SOURCE DATA
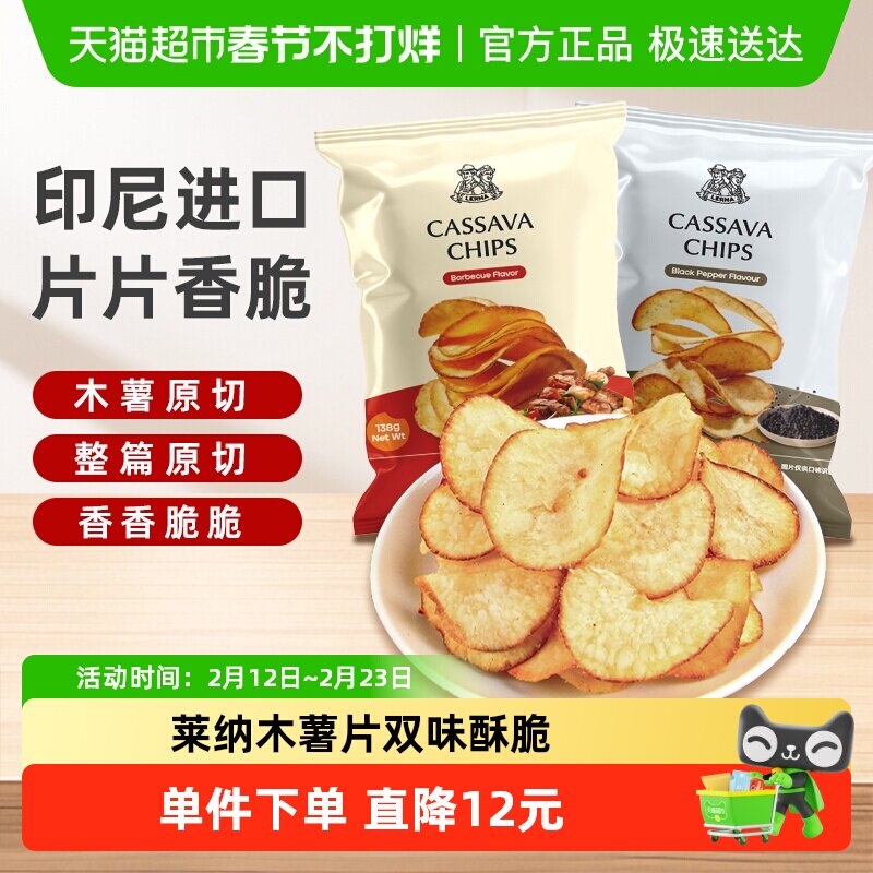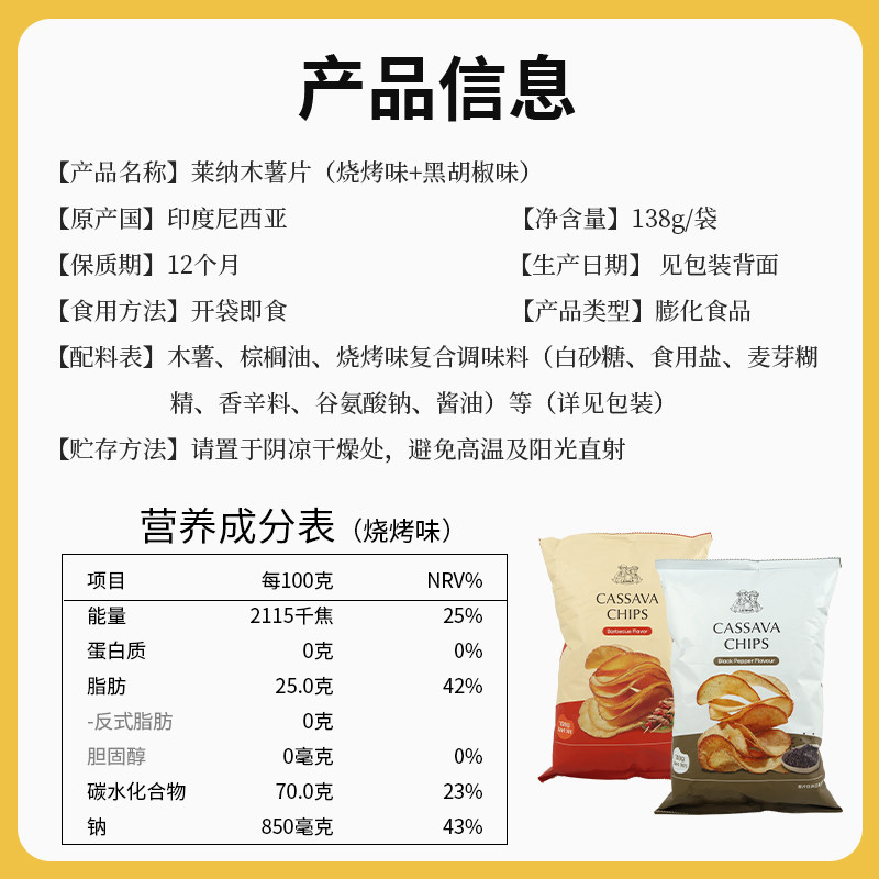 📚 印尼进口莱纳黑胡椒+烧烤味木薯片138g*2袋膨化零食休闲小吃食品
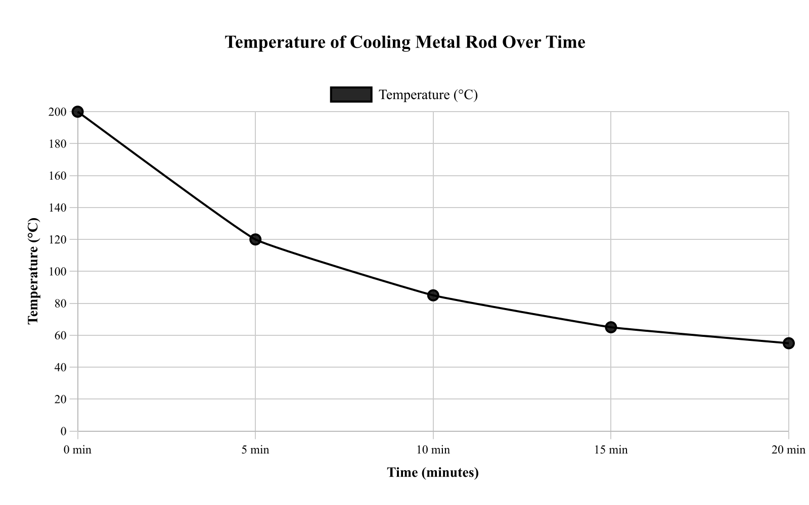 The curve decreases rapidly at first and then more slowly, passing through approximately (0, 200), (5, 120), (10, 85), (15, 65), and (20, 55). Caption: Temperature measurements were taken every 5 minutes as the rod cooled; points are connected to show the trend.
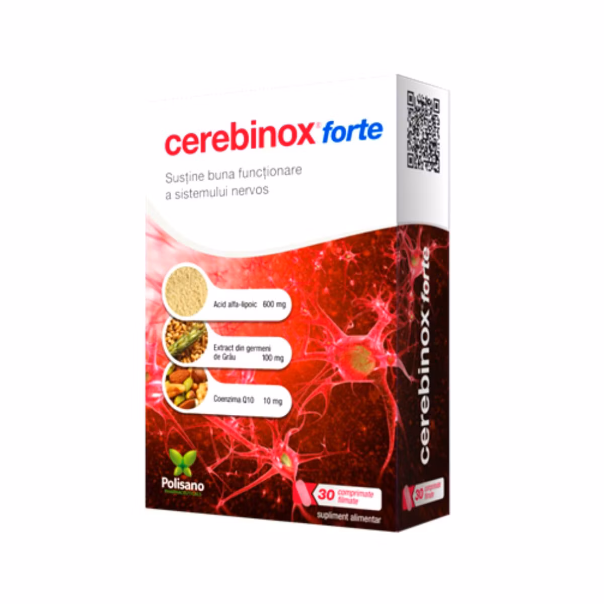 Cerebinox Forte është një suplement me acid Alfa-Lipoik, vitamina të kompleksit B dhe koenzimë Q10. Acidi lipoik kontribuon në funksionin e shumë enzimave në trup. Kompleksi i vitaminave B ruajnë funksionimin normal të sistemit nervor. Vitamina B1 kontribuon në funksionin normal të zemrës dhe vitamina B6 ndihmon në rritjen e sistemit imunitar dhe rregullimin e aktivitetit hormonal. Riboflavina dhe vitamina E ndihmojnë në mbrojtjen e qelizave nga stresi oksidativ. Koenzima Q10 ka efekte antioksiduese.
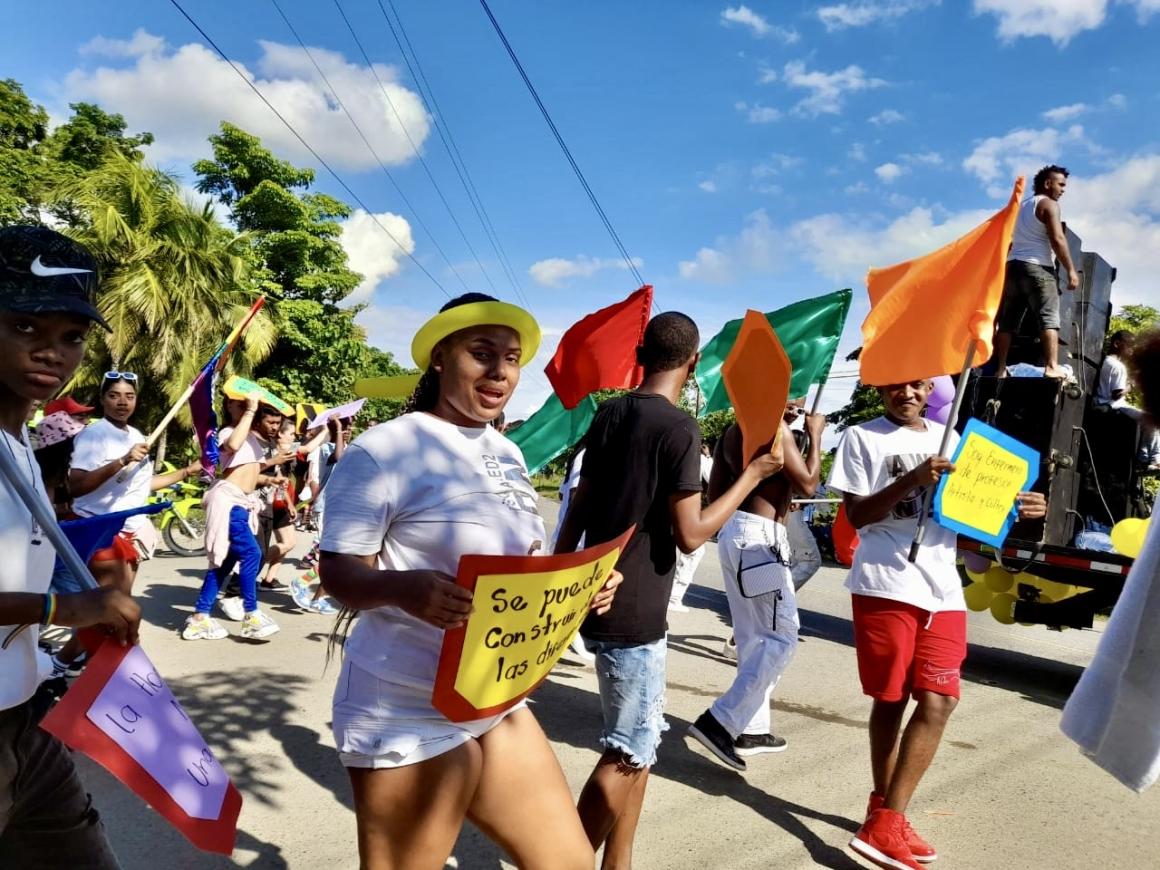 El pasado junio, la Misión de Verificación de las Naciones Unidas en Colombia apoyó la conmemoración del Día del Orgullo en el municipio de Turbo, en el Urabá antioqueño. Integrantes de la comunidad LGTBIQ+ desfilaron por sus calles, llevando carteles con mensajes alusivos a los derechos de esta población, banderas arcoíris, vestidos de fantasías con tocados de colores.

AIM OF THE TASK
Please return the whole listing exactly. Do not copy its images.

RESULT OF THE TASK
 📚 印尼进口莱纳黑胡椒+烧烤味木薯片138g*2袋膨化零食休闲小吃食品
 The curve decreases rapidly at first and then more slowly, passing through approximately (0, 200), (5, 120), (10, 85), (15, 65), and (20, 55). Caption: Temperature measurements were taken every 5 minutes as the rod cooled; points are connected to show the trend.
 Cerebinox Forte është një suplement me acid Alfa-Lipoik, vitamina të kompleksit B dhe koenzimë Q10. Acidi lipoik kontribuon në funksionin e shumë enzimave në trup. Kompleksi i vitaminave B ruajnë funksionimin normal të sistemit nervor. Vitamina B1 kontribuon në funksionin normal të zemrës dhe vitamina B6 ndihmon në rritjen e sistemit imunitar dhe rregullimin e aktivitetit hormonal. Riboflavina dhe vitamina E ndihmojnë në mbrojtjen e qelizave nga stresi oksidativ. Koenzima Q10 ka efekte antioksiduese.
 El pasado junio, la Misión de Verificación de las Naciones Unidas en Colombia apoyó la conmemoración del Día del Orgullo en el municipio de Turbo, en el Urabá antioqueño. Integrantes de la comunidad LGTBIQ+ desfilaron por sus calles, llevando carteles con mensajes alusivos a los derechos de esta población, banderas arcoíris, vestidos de fantasías con tocados de colores.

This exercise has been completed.